Pat, (01)
There are very intelligent people working on the W3C, and
they are certainly as knowledgeable about these issues as
anybody could be. (02)
> But in this sense it is *necessarily* a location identifier,
> so its pointless to worry about how to change that. (03)
I have no desire to change it. But it would make things
clearer if they just said explicitly that it is a location
identifier, not a content identifier. (04)
> Look at the header of any W3C official document, for example,
> which has 'this version', 'last version' and 'latest version'
> URIs. The 'latest version' URI identifies a 'moving' resource;
> the others are fixed to particular bit-images, but even those
> are not addresses, but rather documents.
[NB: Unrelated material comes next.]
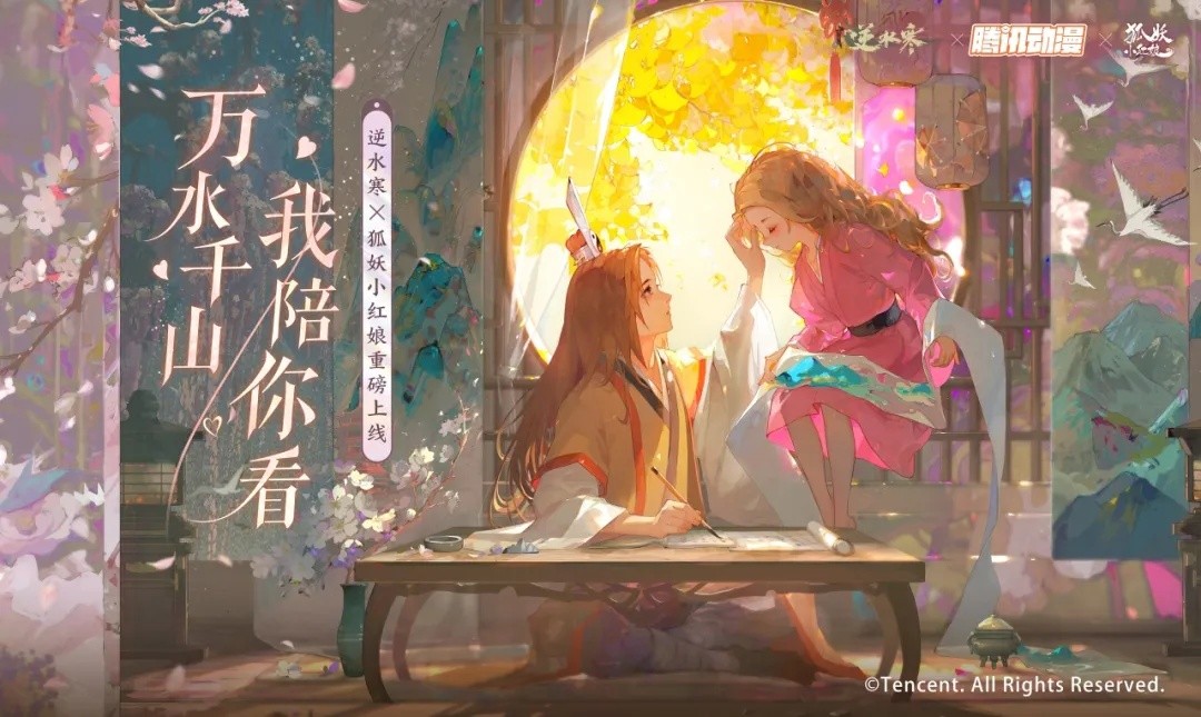 #逆水寒#万水千山,一路相伴 王权富贵携手小蜘蛛清瞳到访逆水寒! 春来风景好,最适合去山水之间惬意游玩了!跨越千山万水,一路相依相伴,这可太浪漫了!快看小寒发现了什么,王权富贵竟然带着清瞳跨越时空到访逆水寒江湖了! 剑意冲霄向明月,寒光辉映兵人骨。王权富贵同款时装【兵人剑骨】融合了道家元素,领口处绣着卦象图案,腰间附有太极图装饰,透露出道门的庄严与端方。 山水千重意万重,捻就清晖织锦绣。清瞳同款时装【千山如织】以紫色为主,衣袖之上还以银线精心绣制了细密的蛛网,裙袍之上则附有花叶暗纹,温柔而婉约。 王权富贵同款时装【兵人剑骨】、清瞳同款时装【千山如织】将于4月26日(星期五)至5月23日24:00限时上架商城,直售价98元,附赠时装同款妆容。可以选择使用半价券进行购买,券后49元即可获取。 4月26日(星期五)至5月23日24:00,【兵人剑骨】专属稀有发型【炳耀】、【千山如织】专属稀有发型【玉丝】也将上线天赏奖池,可使用一枚天赏石进行兑换,兑换后将同步解锁金发专属头像。

In fact, in many cases
> they have been moved from 'active' storage to archives as the
> W3C reorganizes its website. (05)
That is a perfectly reasonable thing to do. Those conventions
could be specified with a suitable language for specifying
metadata. RDF comes to mind as a possibility. (06)
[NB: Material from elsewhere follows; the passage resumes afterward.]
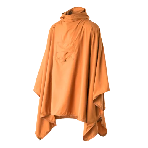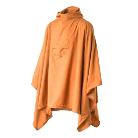 - Po rozložení se z něj stane pončo s kapucí a se zapnutými boky slouží zároveň jako lehká bunda.

> A copy is not *identical* to its master. It is a copy of it. (07)
A perfect copy (which is possible for computer data) should be
indistinguishable from the original. Without metadata, there
would be no way to tell which was the "master". (08)
> Of course, many people just build websites in the easiest way,
> which is to add a file locator to a base URI to make a new URI.
> I confess that I do this myself quite often. (09)
If that's what everybody does, why pretend that a URI is
anything other than a location identifier? Each web page
can have its own metadata to specify how it should be
interpreted. (010)
John (011)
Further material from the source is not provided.